A state Senate panel issued a stinging report Thursday questioning the financial assumptions made by the California High-Speed Rail Authority and urging significant changes to its plan to develop a 700-mile bullet train system.
"Neither the authority's 2000 business plan nor any of the agency's subsequent documents discuss the risks that might be associated with the project," charges the 27-page report by the Senate Transportation and Housing Committee.
It said the authority needs to inform voters of those risks before they vote on a $10 billion bond measure slated for the November ballot. Those include construction cost increases, less-than expected ridership or revenue, difficulty attracting private financial backers or acquiring land and the possibility that the state might have to subsidize the service.
The president of the authority's governing board, Quentin Kopp, said the report would not affect the project and dismissed its findings.
The report, ostensibly based on a Dec. 7 hearing in Los Angeles and a Jan. 11 hearing in Oakland, also acknowledged the program's benefits. They include contributing less of the gases that contribute to global warming per passenger than motor vehicles or commercial jets, and providing additional capacity for the state's transportation grid.
But after spending $58 million over a decade planning the system of 200-plus-mph trains, the authority had failed to clearly spell out how it would cover the project's steadily increasing costs.
The bond measure, originally scheduled to appear on the ballot in 2004, was put off by the Legislature at the request of Gov. Arnold Schwarzenegger in favor of other borrowing measures. It was put off again in 2006, but it appears that the measure will remain on the ballot this year.
But the support of the governor and other state leaders likely would be contingent upon a variety of changes to the measure's language. Those changes are contained in a bill passed by the Assembly and scheduled to be considered by the Senate committee June 17.
"A lot of unanswered question still remain," said the committee's chairman, Sen. Alan Lowenthal, D-Long Beach. "I would like to see those questions answered before it goes on the ballot, so Californians will know what they're getting."
One of the key questions is just how the authority intends to raise $33 billion for the first phase of the project, connecting Anaheim and San Francisco, via Los Angeles, Fresno and San Jose. The authority predicts that first segment would be open by 2020.
The project's second phase, with an estimated cost of $7 billion, would extend the service to Sacramento and to San Diego via Riverside.
While the authority says one-third of the Phase 1 money will come from the bond measure, one third will come from federal contributions and one-third will come from private investment in a partnership with the state, the report said there are few details to back that up.
"To date, no federal program has been established to underwrite the construction of high-speed rail in California," the report said.
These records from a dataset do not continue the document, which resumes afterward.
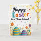 This design shows a vertical digital illustration with a soft yellow background that fades lighter toward the center, like early spring light. Near the top, the greeting “Happy Easter to a Dear Friend” sits inside a cloudy white vignette, with the words in teal, purple, and orange, plus a flowing black cursive line for contrast 🌷. The lettering feels friendly and close, like it was written with someone special in mind. Beneath the text, two large egg shapes anchor the scene, leaning visually toward each other in a cozy, companionable way 🐰. The left egg has wide horizontal bands of yellow and teal, while the right egg alternates purple and teal stripes, both with a lightly brushed texture. Curly black stems and simple floral shapes surround them, mixing orange, deep purple, and teal leaves with tiny star-like centers. Small stars and dots in fuchsia, gold, teal, and orange are scattered across the pale yellow space.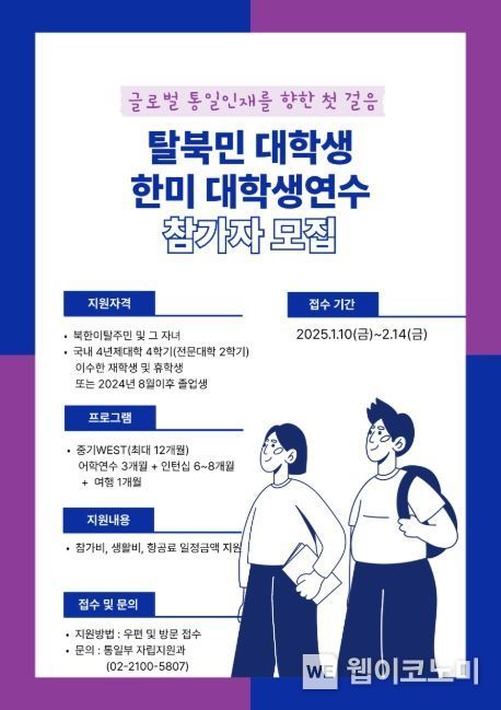 (웹이코노미) 통일부는 글로벌 시대의 핵심인재 양성을 위해 탈북민 대학생이 참여하는 '한미 대학생연수(WEST: Work, English Study, Travel)' 프로그램을 5년 만에 다시 시작한다.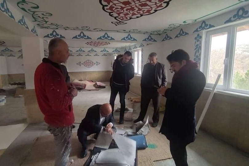 Tarihi Cuma pazarı Cami Zemin ve Duvar Ahşap Kaplaması ile Hat ve Kalem İşçiliğinde Sona Doğru gelindi. İlçemize için tüm gücümüzle çalışıyoruz, herşey büyükorhan için dedi.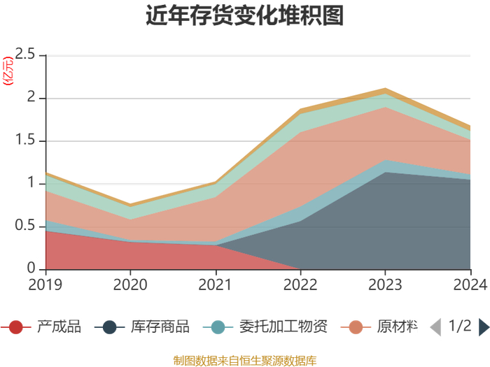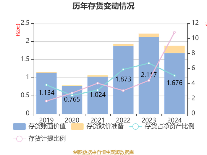 从存货变动来看,截至2024年末,公司存货账面价值为1.68亿元,占净资产的5.06%,较上年末减少4410.23万元。其中,存货跌价准备为2027.88万元,计提比例为10.79%。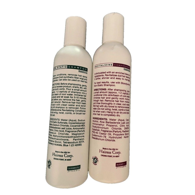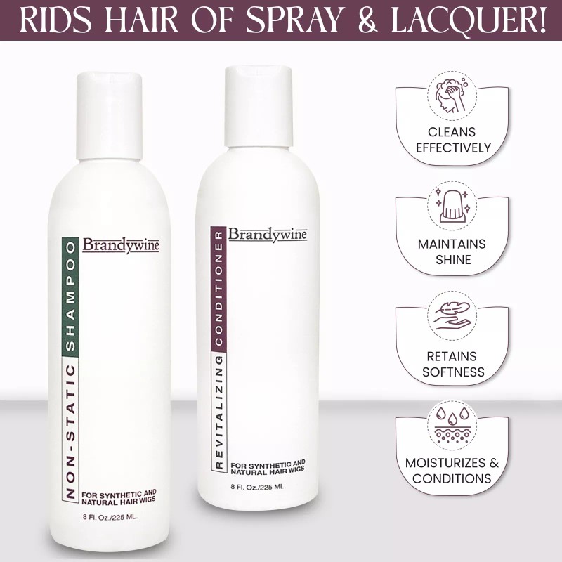 Best Value for the dollar! Brandywine Non -Static Shampoo and Conditioner cleans, conditions, removes hair spray and lacquer from Synthetic Fiber wigs and hairpieces. Can also be used on real/human hair.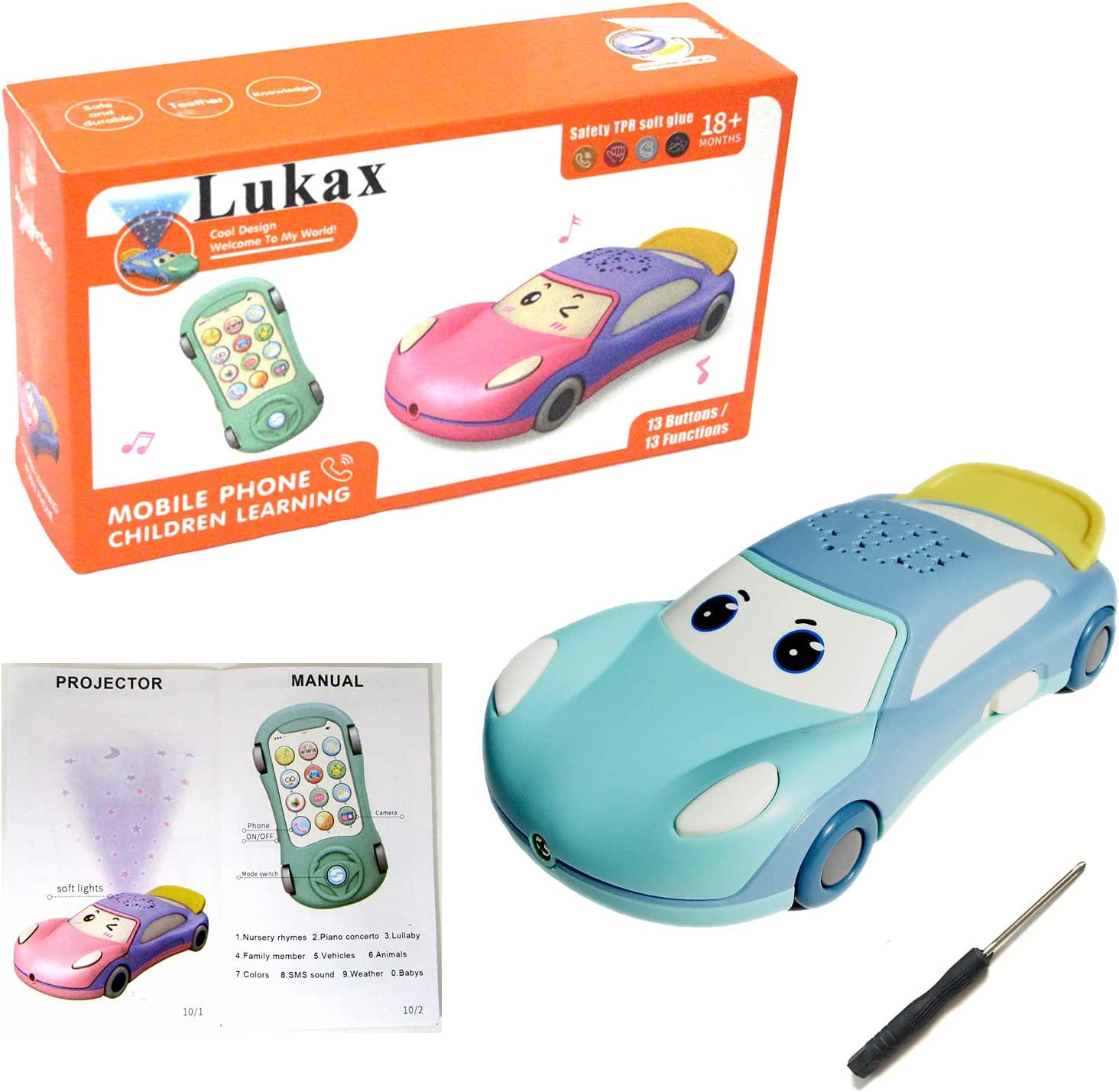 Lukax Baby Cell Phone Toy, Play Phone Toys with Music & Light, Baby Toys 18 Month Learning & Education, Musical Car Toys for Kid Toddlers Gifts 2+ Year Old Boys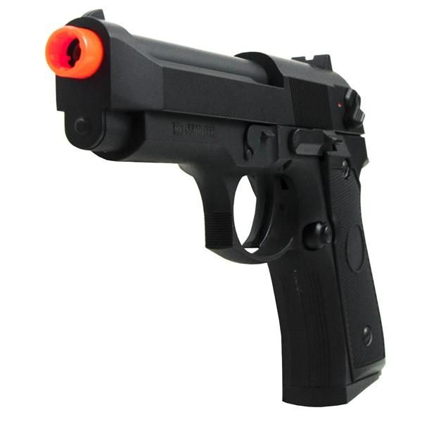 Pistola de airsoft elétrica Cyma modelo CM126, réplica pistola Beretta 92, é constituída com slide metal dando maior realismo a réplica. Contém Hop Up Ajustável, motor elétrico de média potência e medio torque, gerando 200 fps nos disparos com munição 0.20g. Possui 2 modos de disparo, sendo: tiro a tiro e automático. Acompanha Speed Loader e conjunto de bateria e carregador bivolt. Recomenda-se o uso de bb’s de 12g ou 0.20g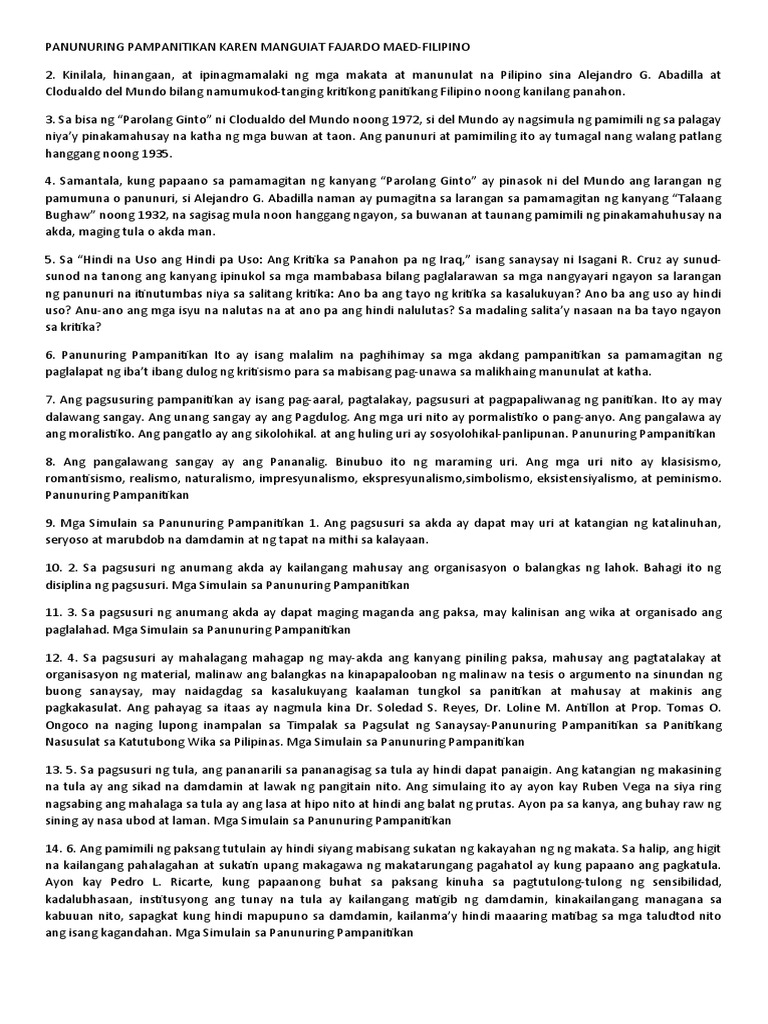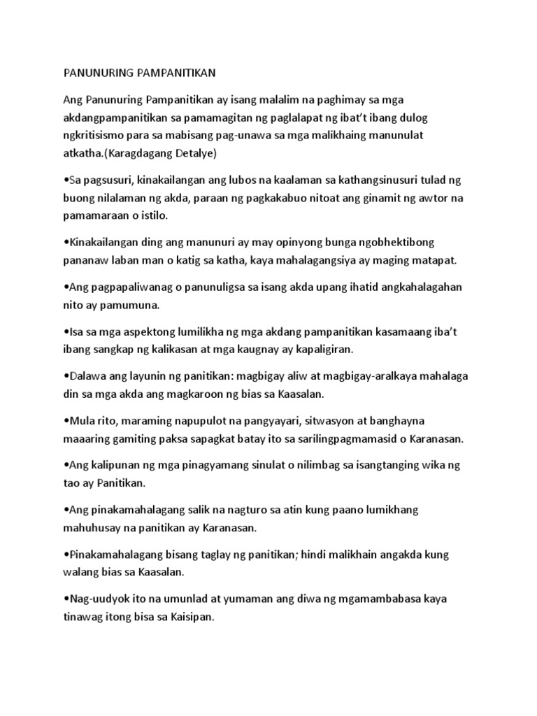 Hindi kumpleto Ang Panunuring Pampanitikan ay isang malalim na paghimay sa mga akdang pampanitikan sa pamamagitan ng paglalapat ng ibatt ibang dulog ng kritisismo para sa mabisang pag-unawa sa mga. Sa paraan na iyon mas madali nating maipapakita ang ating pagka-Pilipino. 2Ang pagsusuri sa akda ay dapat may uri at katangian ng katalinuhan seryoso at marubdob na damdamin at ng tapat na mithi sa kalayaan.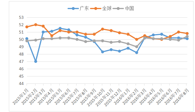 从全球和中国的制造业PMI指数可以看出,2015年至今,全球PMI基本都在荣枯线之上,全国PMI指数则在荣枯线附近徘徊,低于全球,而广东省PMI指数2015年波动大,上半年在50%线上,下半年则在50%线下,2016年广东省PMI指数则相对平稳,呈现出稳中微进,稳中求优的态势, 鼎盛平台app。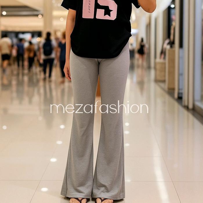 Flare Pants Cutbray Rib Knit Stretch Wanita Celana Panjang Highwaist Casual - Hitam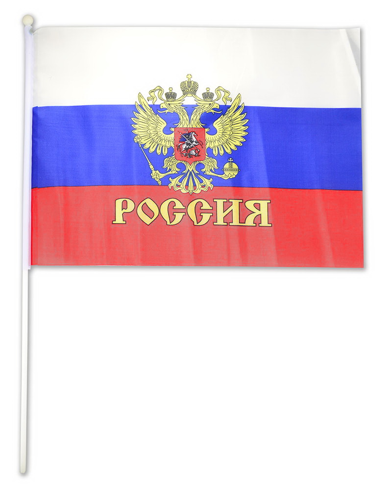 Сувенирный флаг России с пластиковым древком.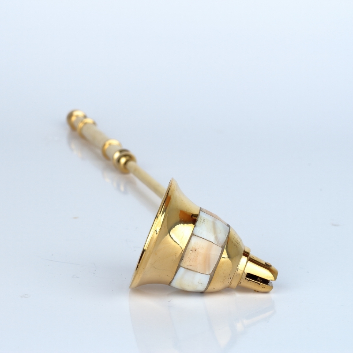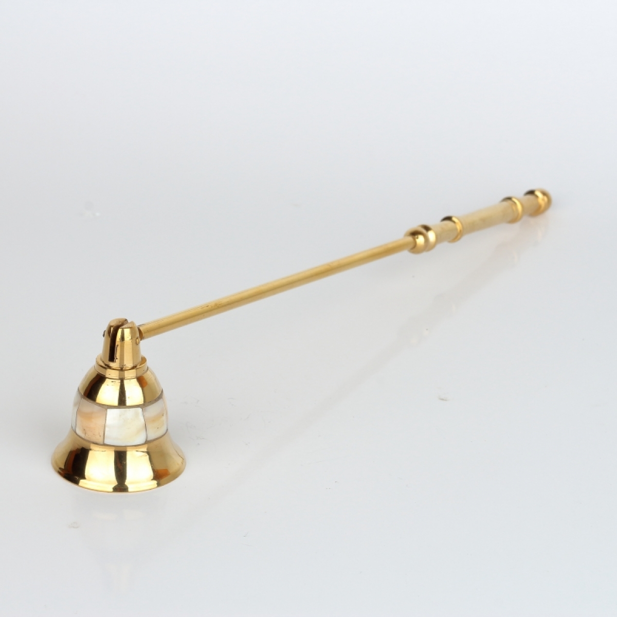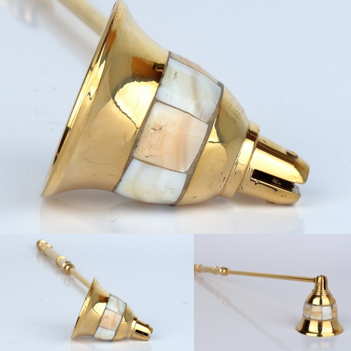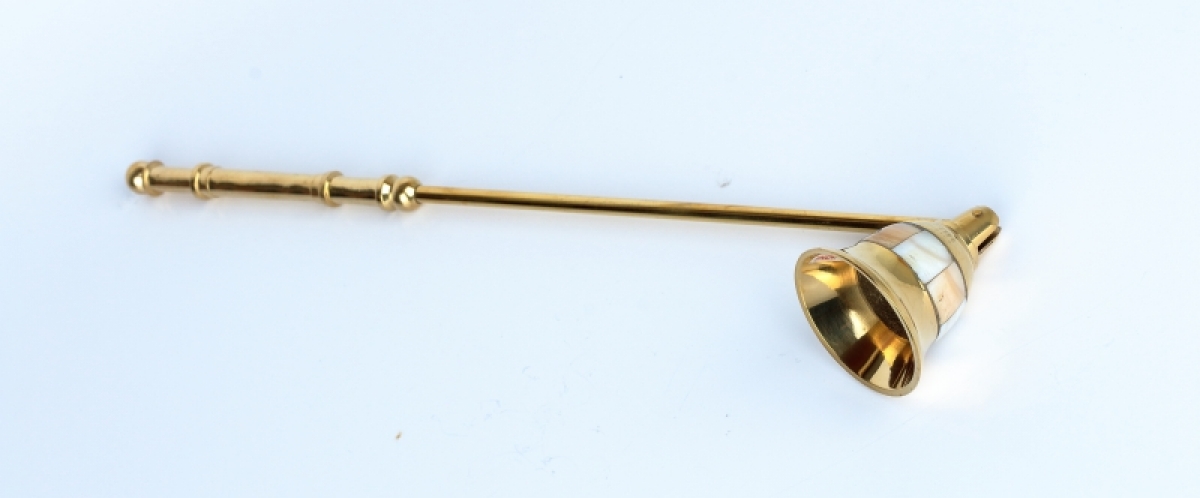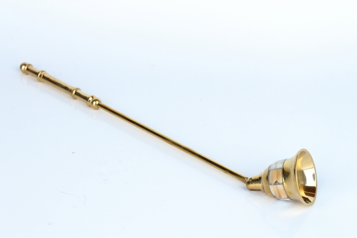 Celomosazné zhášedlo na svíčky je krásně ozdobené po celém obvodu perletí.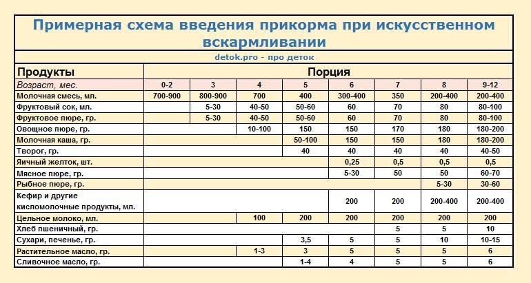 В обязательном порядке прикорм должен вводиться постепенно и объем порции увеличивается плавно. Это приводит к уменьшению количества прикладывания груди или более редким кормлениям из бутылочки. Во время составления меню важно следить за количеством белков, жиров и углеводов и помнить, что каждый ребенок индивидуален и количество еды, которое необходимо вашему конкретному ребёнку, можно определить только опытным путём.
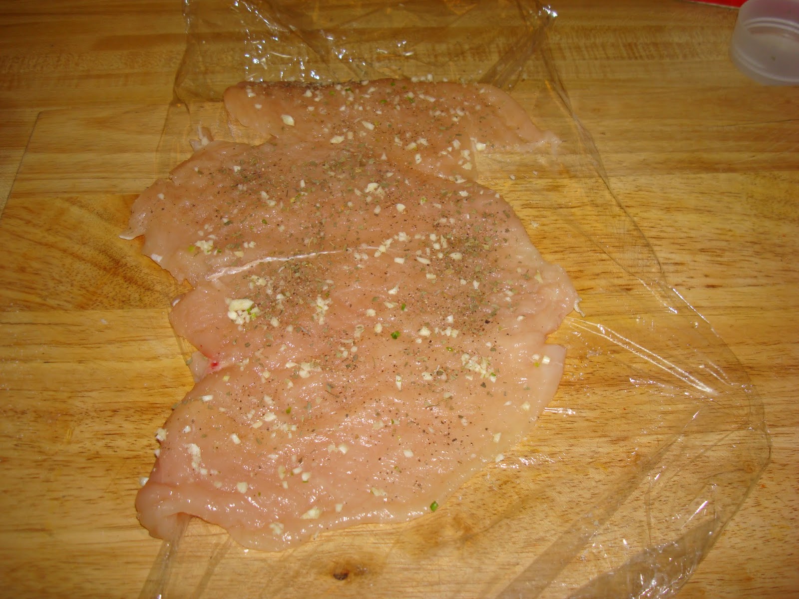 Poner  sobre la mesa las pechugas de pollo abierta sobre plástico alusa y cubrir con lo mismo por encima también. Con una maceta de cocina golpear las pechugas de pollo para extenderla y quede más delgada.
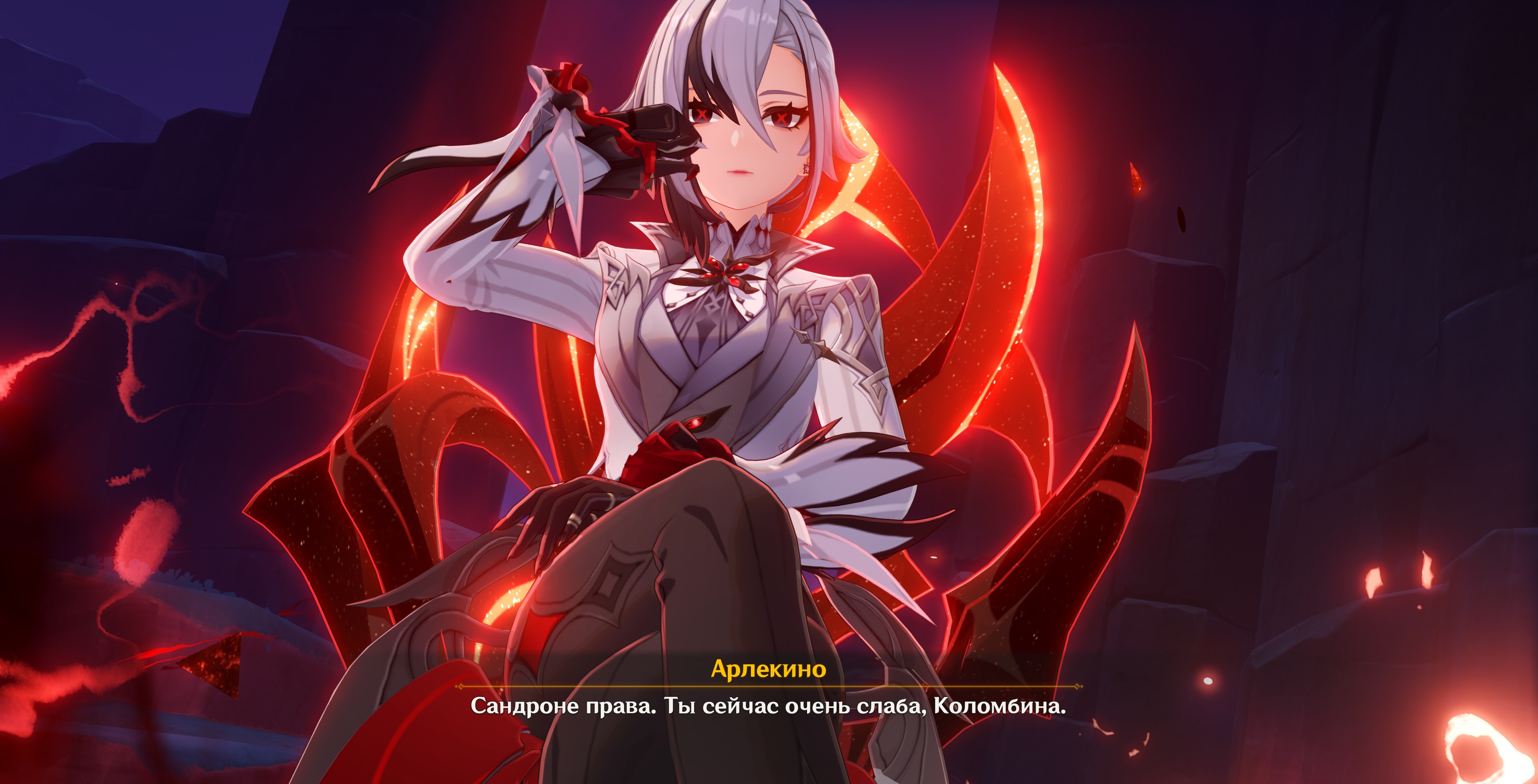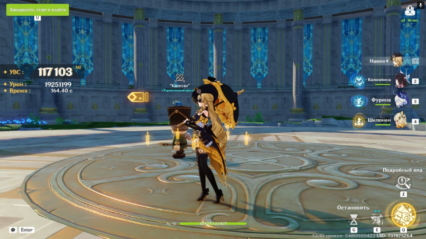 Второй босс уже начал душить. У меня все кроме одного героя на аккаунте очень плохо одеты. Без сильного саппорта Арля не справлялась. Да и щит я ломал что-то через раз. Если больше электро и гидро добавлять, то Арлекино уже не дамажит. Другими составами не мог там пройти.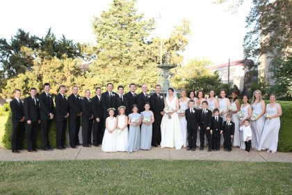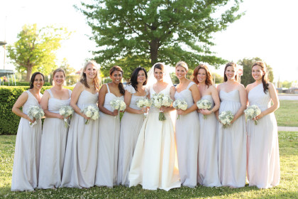 With 23 people in the wedding party, you could see the love and support for the couple in the room. Jenny York was the maid of honor. Tyler Mullman and Caleb Ellington served as the best men. The bridesmaids wore Amsale full-length crinkle chiffon gowns with varied necklines in Dove grey and carried bouquets of white hydrangeas and dusty miller.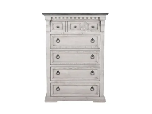 This chest exudes a sense of antique opulence with its distressed white finish and intricate detailing. With five drawers, it offers ample storage space, and its top drawers are felt-lined and feature Zamak pulls. The drawers are crafted with English dovetails and full-extension side mount metal glides, providing both a classic touch and modern functionality. The iron gray top serves as the perfect finishing touch, adding a dramatic element to this stunning piece of furniture.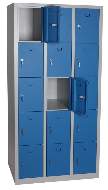 svařovaná kovová šatní skříň s 15-ti boxy pro odkládání osobních věcí zaměstnanců na pracovištích, jako dočasné úschovny apod.
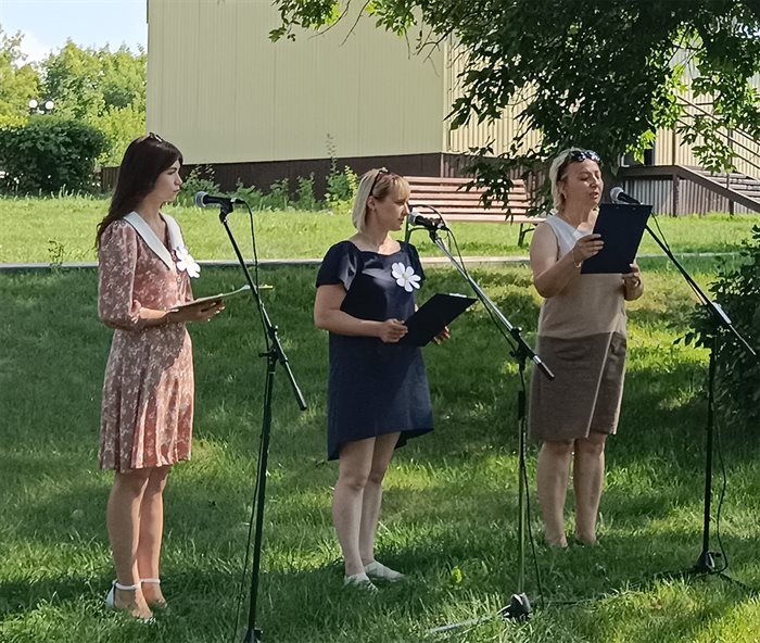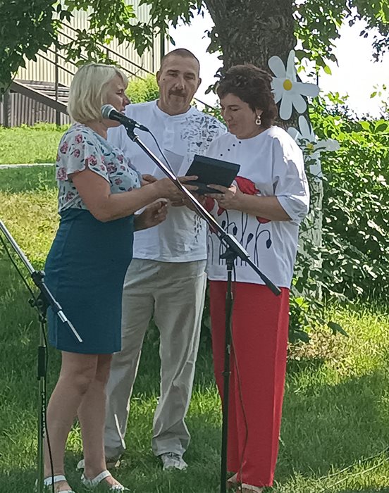 Торжество состоялось в парке культуры и отдыха. Общественными медалями «За любовь и верность» награждены супруги, прожившие в браке более двадцати пяти лет: Трубины Валерий Константинович и Марина Геннадьевна, Япишины Сергей Павлович и Зилира Габдулловна. Награды нашим землякам вручила О. Ф. Карабанова, первый заместитель главы администрации МО «Базарносызганский район»..jpg)

It also said that it's too early to determine what form private investment in the project might take.
In a statement accompanying the report, Lowenthal said that in a year when the state is facing a major budget shortfall, the authority needs to assure voters that they "will not be stuck with a massive bill in future years."
The release of the report came just a day after reports surfaced in the media that Union Pacific Railroad had balked at selling its right of way for high-speed rail routes.
This, Lowenthal said, was an example of both unknown risks faced by the project and of a lack of transparency in the process.
Kopp called the charge "utter nonsense" and insisted Union Pacific's refusal would have no effect on the project.